**The task**
Given the listing below, write out exactly the lines starting with the line that has "เที่ยวชมวิวทะเลสาบซีหู" and going on through the line that has "Plasma ist ein", both kept.

**Input**
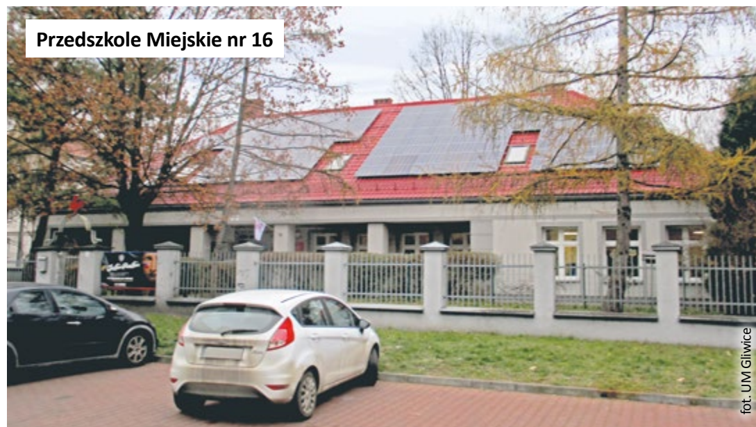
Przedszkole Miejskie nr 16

* * *

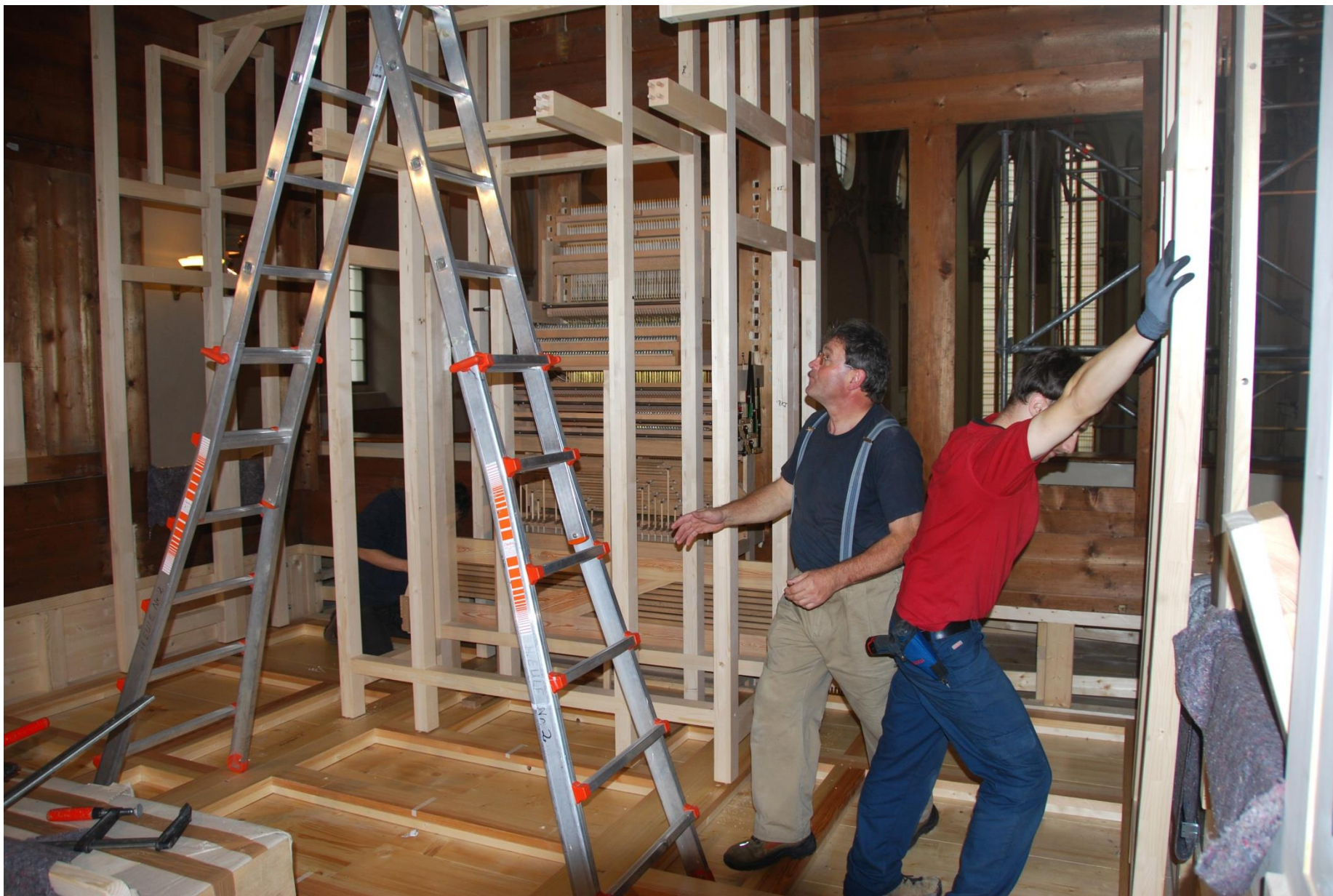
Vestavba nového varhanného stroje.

* * *

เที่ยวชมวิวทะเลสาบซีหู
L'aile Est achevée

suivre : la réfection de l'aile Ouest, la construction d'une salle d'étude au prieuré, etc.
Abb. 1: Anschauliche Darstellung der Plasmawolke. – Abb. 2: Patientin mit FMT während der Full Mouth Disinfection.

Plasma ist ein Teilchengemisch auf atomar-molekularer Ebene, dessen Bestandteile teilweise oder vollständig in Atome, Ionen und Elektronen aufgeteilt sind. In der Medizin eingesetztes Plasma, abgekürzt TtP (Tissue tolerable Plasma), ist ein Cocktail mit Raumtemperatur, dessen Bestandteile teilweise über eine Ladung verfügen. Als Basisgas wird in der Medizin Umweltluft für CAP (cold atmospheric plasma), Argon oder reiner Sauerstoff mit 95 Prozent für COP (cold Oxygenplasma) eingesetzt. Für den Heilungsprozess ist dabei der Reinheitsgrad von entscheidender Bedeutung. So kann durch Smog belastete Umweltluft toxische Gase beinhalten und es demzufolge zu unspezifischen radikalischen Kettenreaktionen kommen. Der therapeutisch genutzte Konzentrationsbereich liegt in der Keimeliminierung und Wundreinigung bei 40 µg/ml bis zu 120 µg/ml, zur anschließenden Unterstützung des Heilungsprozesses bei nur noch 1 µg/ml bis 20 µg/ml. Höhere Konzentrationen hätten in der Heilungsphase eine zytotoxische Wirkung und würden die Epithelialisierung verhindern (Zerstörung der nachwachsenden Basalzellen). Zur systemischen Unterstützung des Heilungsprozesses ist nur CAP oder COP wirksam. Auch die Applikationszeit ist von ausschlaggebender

**Answer**
เที่ยวชมวิวทะเลสาบซีหู
L'aile Est achevée

suivre : la réfection de l'aile Ouest, la construction d'une salle d'étude au prieuré, etc.
Abb. 1: Anschauliche Darstellung der Plasmawolke. – Abb. 2: Patientin mit FMT während der Full Mouth Disinfection.

Plasma ist ein Teilchengemisch auf atomar-molekularer Ebene, dessen Bestandteile teilweise oder vollständig in Atome, Ionen und Elektronen aufgeteilt sind. In der Medizin eingesetztes Plasma, abgekürzt TtP (Tissue tolerable Plasma), ist ein Cocktail mit Raumtemperatur, dessen Bestandteile teilweise über eine Ladung verfügen. Als Basisgas wird in der Medizin Umweltluft für CAP (cold atmospheric plasma), Argon oder reiner Sauerstoff mit 95 Prozent für COP (cold Oxygenplasma) eingesetzt. Für den Heilungsprozess ist dabei der Reinheitsgrad von entscheidender Bedeutung. So kann durch Smog belastete Umweltluft toxische Gase beinhalten und es demzufolge zu unspezifischen radikalischen Kettenreaktionen kommen. Der therapeutisch genutzte Konzentrationsbereich liegt in der Keimeliminierung und Wundreinigung bei 40 µg/ml bis zu 120 µg/ml, zur anschließenden Unterstützung des Heilungsprozesses bei nur noch 1 µg/ml bis 20 µg/ml. Höhere Konzentrationen hätten in der Heilungsphase eine zytotoxische Wirkung und würden die Epithelialisierung verhindern (Zerstörung der nachwachsenden Basalzellen). Zur systemischen Unterstützung des Heilungsprozesses ist nur CAP oder COP wirksam. Auch die Applikationszeit ist von ausschlaggebender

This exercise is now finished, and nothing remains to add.